Le questioni di lana caprina non mi hanno mai affascinata.Pertanto è solo per amore di precisione che sento di fare una precisazione. 

Una cosa è pensare *solo* ad andare in discoteca, una cosa è pensare *ancora *ad andare in discoteca. 

Nel primo caso stiamo dicendo che la persona pensa *solamente* ad andare in discoteca, questo è il suo unico interesse, preoccupazione ecc, 

Nel secondo caso diciamo una cosa diversa: egli pensa *anche ora* ad andare in discoteca, malgrado non abbia più l'età per farlo, (o noi riteniamo che non l'abbia più)

Penso solo a lei = è l'unica persona a cui penso
penso ancora a lei = non l'ho dimenticata

A settant'anni pensa solo a correre dietro alle donne = pensa solamente a quello
a settant'anni pensa ancora a correre dietro alle donne = non è troppo vecchio per correre dietro alle donne

Ho solo una possibilità di vincere = quell'unica possibilità
Ho ancora  possibilità di vincere = mi è tutt'ora possibile vincere

Risposi al telefono. 
Era solo lui = sono delusa perchè aspettavo qualcun altro
era ancora lui = mi ha chiamato di nuovo.



honeyheart said:


> Si usa molto anche in spagnolo, ma non mi sembra sia il caso di questa frase. Io ho pensato esattamente l'opposto: che è proprio quello che vuole dire, ma lo dice con sarcasmo:
> 
> _"A vent'anni pensano ad andare in discoteca: se non sono menomati, poco gli manca."_


 

Certo che è sarcastica, il senso di tutte queste espressioni è per lo più quello di affermare proprio quello che si nega di voler fare.

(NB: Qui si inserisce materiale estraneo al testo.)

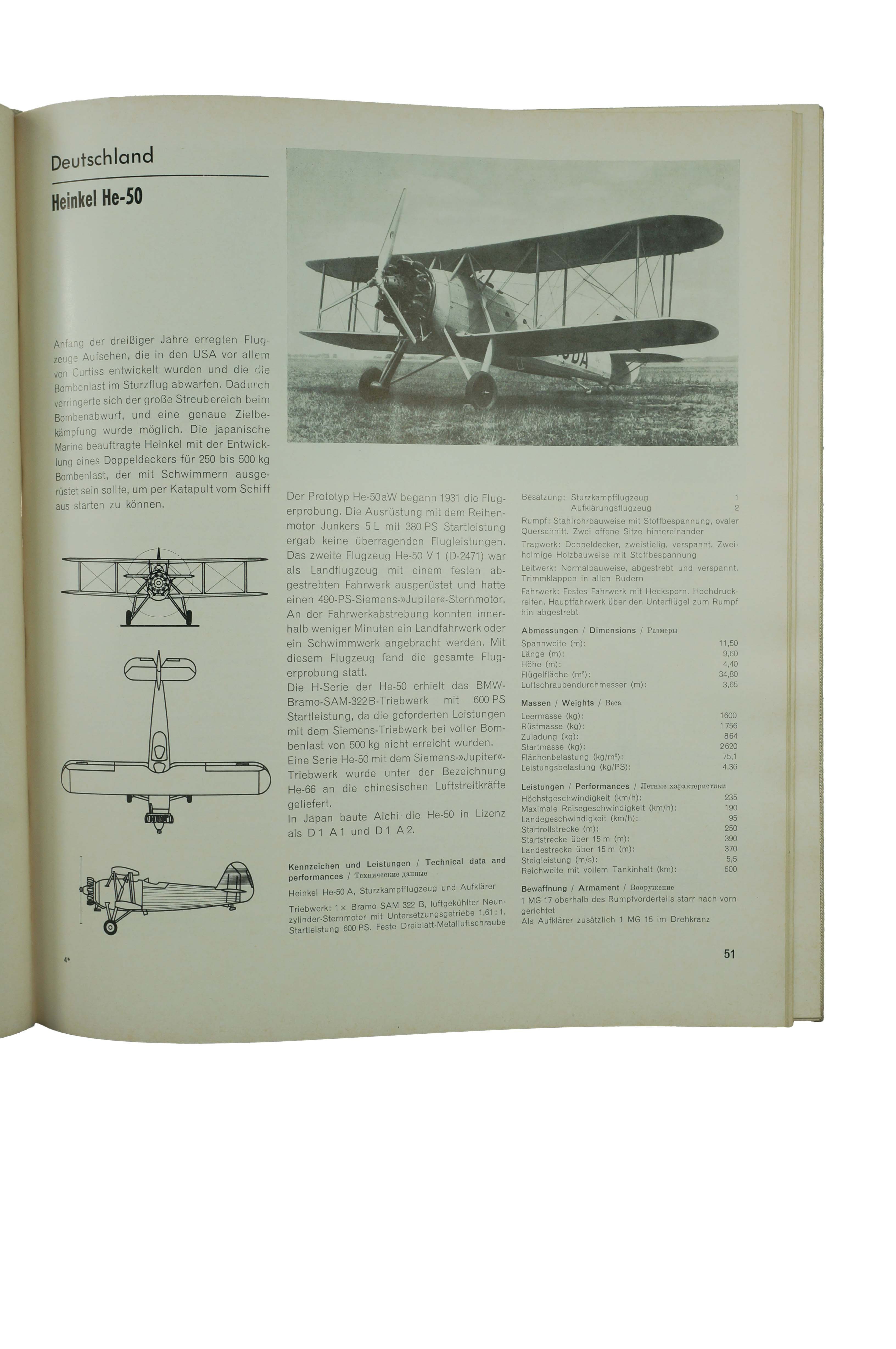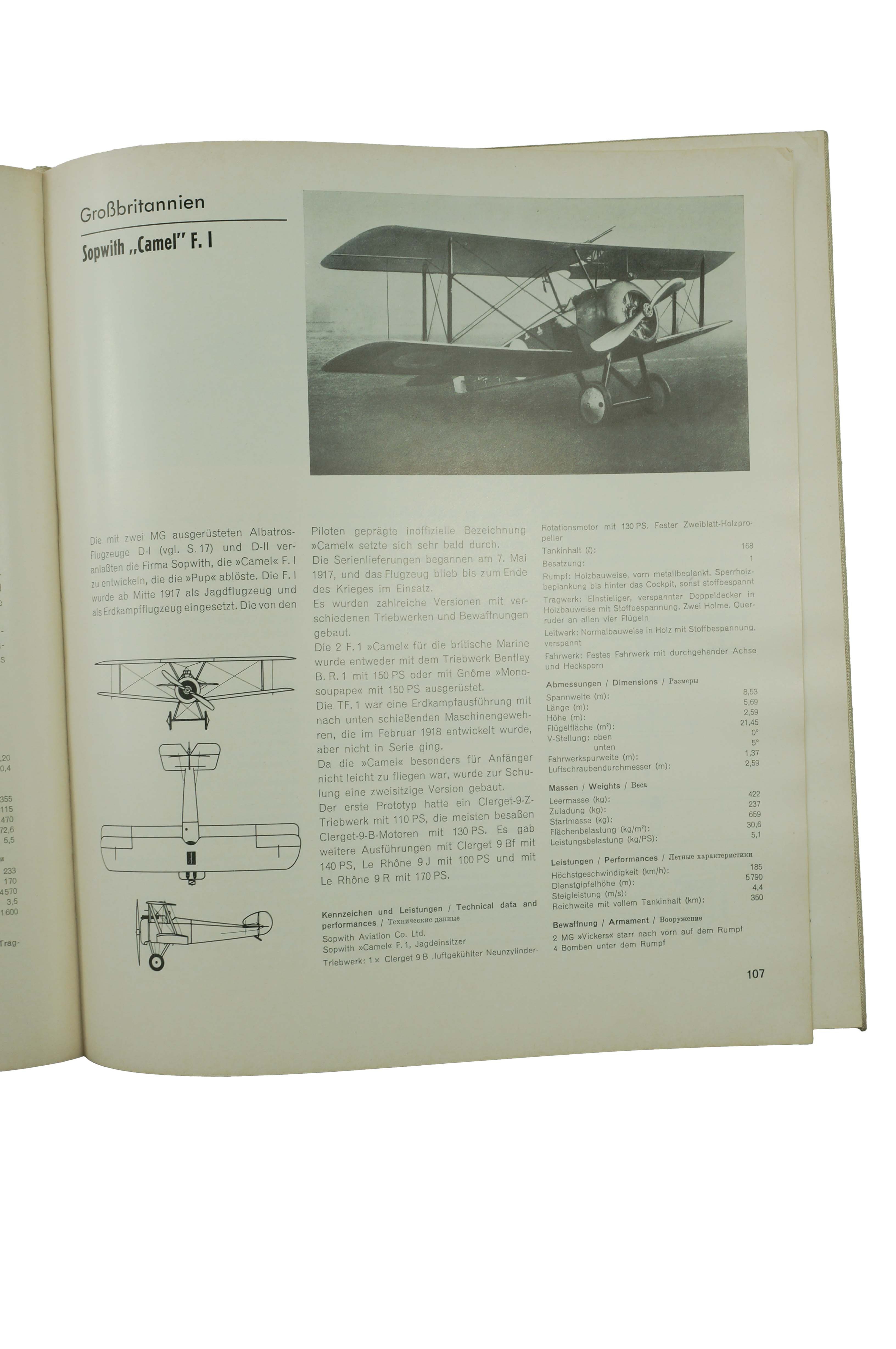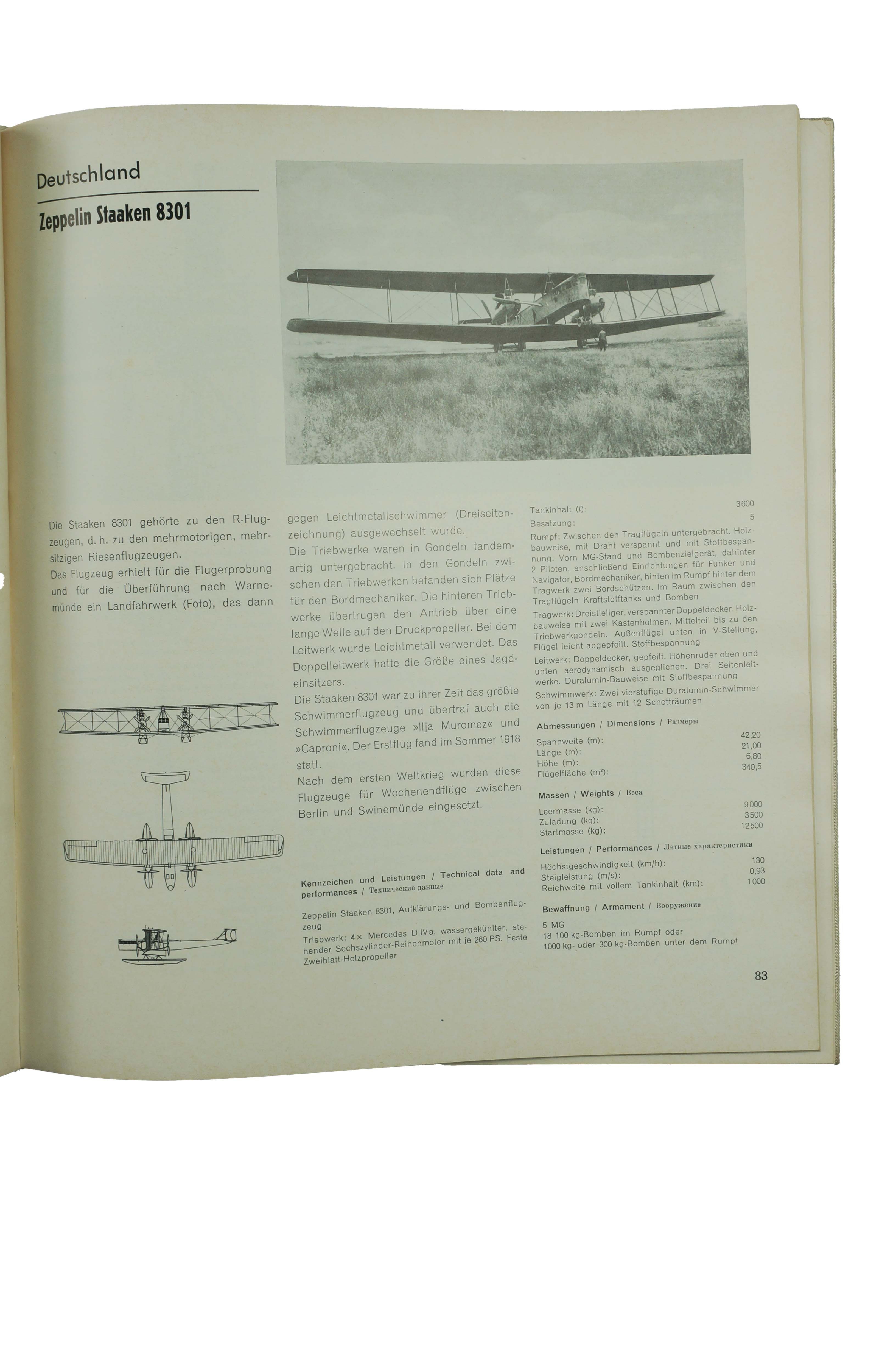 album pełen cz.-b. fotografii samolotów wraz z opisami [historia] i danymi technicznymi. Przedstawiono samoloty z Belgii, Czechosłowacji, Niemiec, Francji, Wielkiej Brytanii, Włoch, Holandii, Austrii, Polski, Rosji, Związku Radzieckiego i USA

Se dico: *"non è per parlarne male, ma la sorella di X è un po' svampita",* 

in teoria sto dicendo che non voglio parlare male della sorella di X, eppure non solo è quello che sto facendo, ma, nella maggior parte dei casi, è proprio quello che voglio fare, anche se per una forma di pudore o di ipocrisia, faccio precedere il mio giudizio negativo da una frase che assicura la mia buona fede.

il processo mentale che sta dietro è il seguente:
questi ragazzi sono dei deficienti, a vent'anni pensano ancora alla discoteca. Però non voglio mica dire che sono deficienti. Eh no, io questo non l'ho proprio detto. Anzi, io metto le mani avanti e affermo:
(quello che dico) *non è per dire che sono deficienti, però* (certo che se) *a vent'anni pensano ancora ad andare in discoteca* (un po' deficienti devono esserlo, ma a questa conclusione ci arrivate da soli in base alle mie premesse. A me non fate dire cose scomode)


----------



## chlapec

annapo said:


> Le questioni di lana caprina non mi hanno mai affascinata.Pertanto è solo per amore di precisione che sento di fare una precisazione.
> 
> Una cosa è pensare *solo* ad andare in discoteca, una cosa è pensare *ancora *ad andare in discoteca.
> 
> Nel primo caso stiamo dicendo che la persona pensa *solamente* ad andare in discoteca, questo è il suo unico interesse, preoccupazione ecc,
> 
> Nel secondo caso diciamo una cosa diversa: egli pensa *anche ora* ad andare in discoteca, malgrado non abbia più l'età per farlo, (o noi riteniamo che non l'abbia più)


 
Annapo, forse non mi sono saputo spiegare. Evidentemente, conosco la differenza fra *sólo* e *todavía*. E sono ASSOLUTAMENTE d'accordo con la tua spiegazione/interpretazione sul tono sarcastico ecc ecc. Quello che volevo dire è che se traduciamo allo spagnolo la frase iniziale senza aggiungere qualcosa come *sólo* -oppure *todavía*, se veramente è l'unico senso che possa aver la frase, ed io ci credo, posto che la madrelingua sei tu-, allora, la frase rimane incompleta e difficile da capire per un spagnolo. Infatti, nei tuoi interventi impieghi sempre *ancora*, benché *nella frase originale non c'è*. Non è possibile che anche nella frase iniziale in italiano manchi qualcosa??


----------